## Exercise details
Take the line with "Kit escolar frozen" as the first and the last line of the data as the end. Write out both and every line between exactly, except pictures.

## Available data
BEGIN

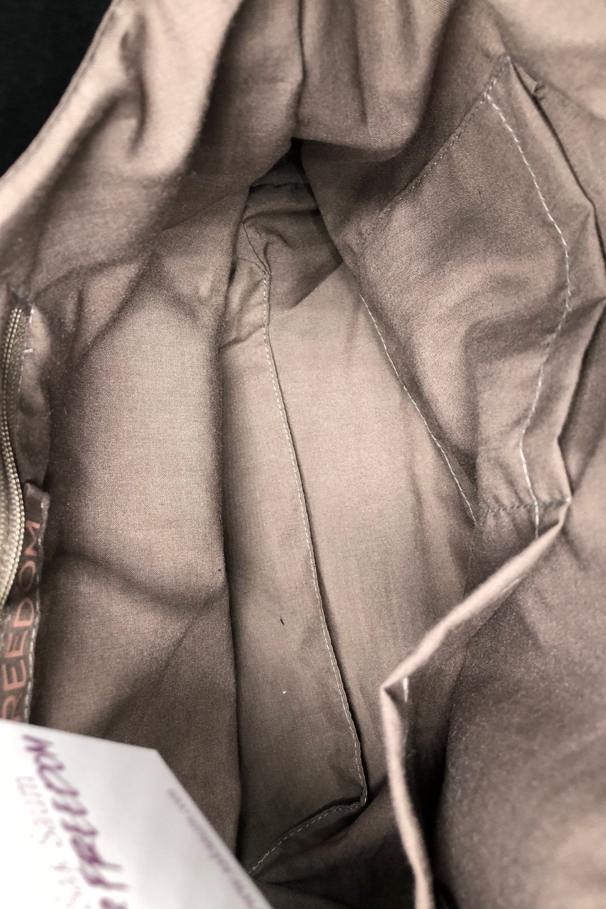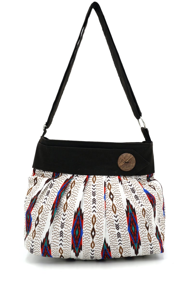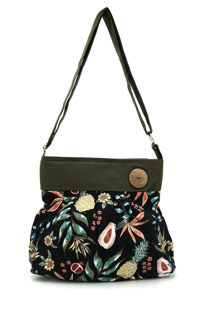 Em ist schick und zeitlos. Der Kokosnussknopf, ein landestypisches Material dort in Kambodscha, macht die Tasche besonders. Außerdem werden fast alle Kokosnussakzente von Herrn Bang hergestellt. Mit seiner Arbeit für Sak Saum kann er somit seine ganze Familie finanziell versorgen.
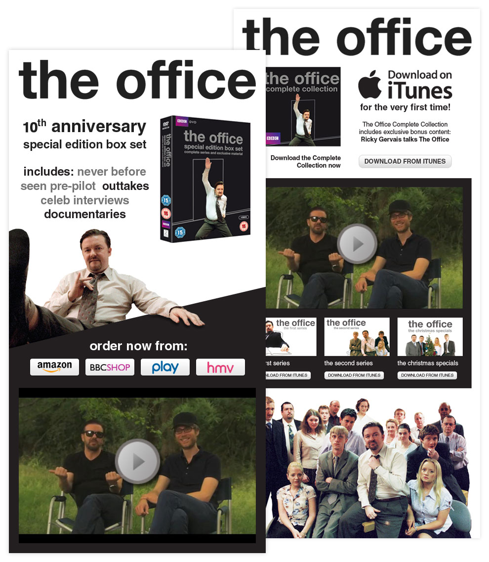 I built two Facebook apps; one dedicated to the release of the 10th anniversary box set, the other dedicated to The Office on iTunes. Each app featured an exclusive video message from Ricky Gervais and Stephen Merchant.
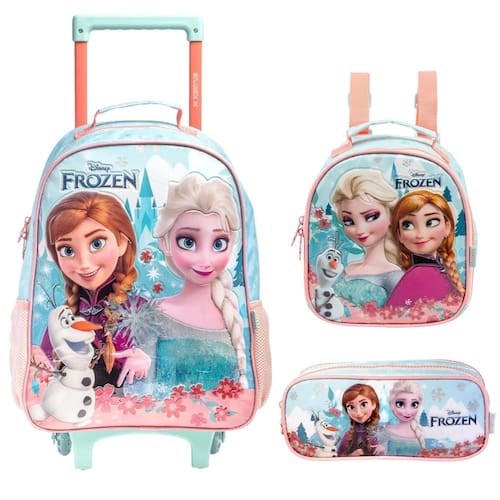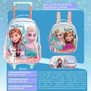 Kit escolar frozen disney mochila rodinha estojo lancheira
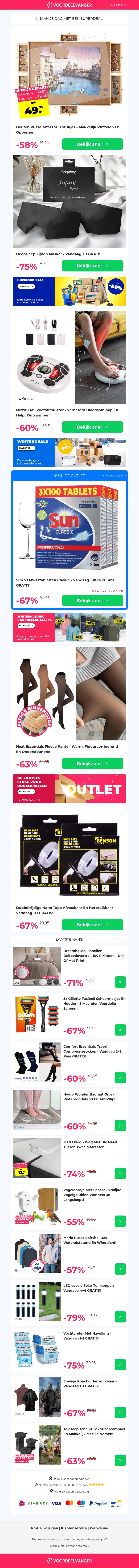 Deze nieuwsbrief biedt geweldige aanbiedingen, zoals een puzzeltafel voor 1500 stukjes met 10 euro extra korting, zijden slaapmaskers met 1+1 aanbieding en meer. Ontdek ook de EMS voetstimulator en comfortabele fleece panty's. Mis deze unieke kansen niet!

END

## Solution
 Kit escolar frozen disney mochila rodinha estojo lancheira
 Deze nieuwsbrief biedt geweldige aanbiedingen, zoals een puzzeltafel voor 1500 stukjes met 10 euro extra korting, zijden slaapmaskers met 1+1 aanbieding en meer. Ontdek ook de EMS voetstimulator en comfortabele fleece panty's. Mis deze unieke kansen niet!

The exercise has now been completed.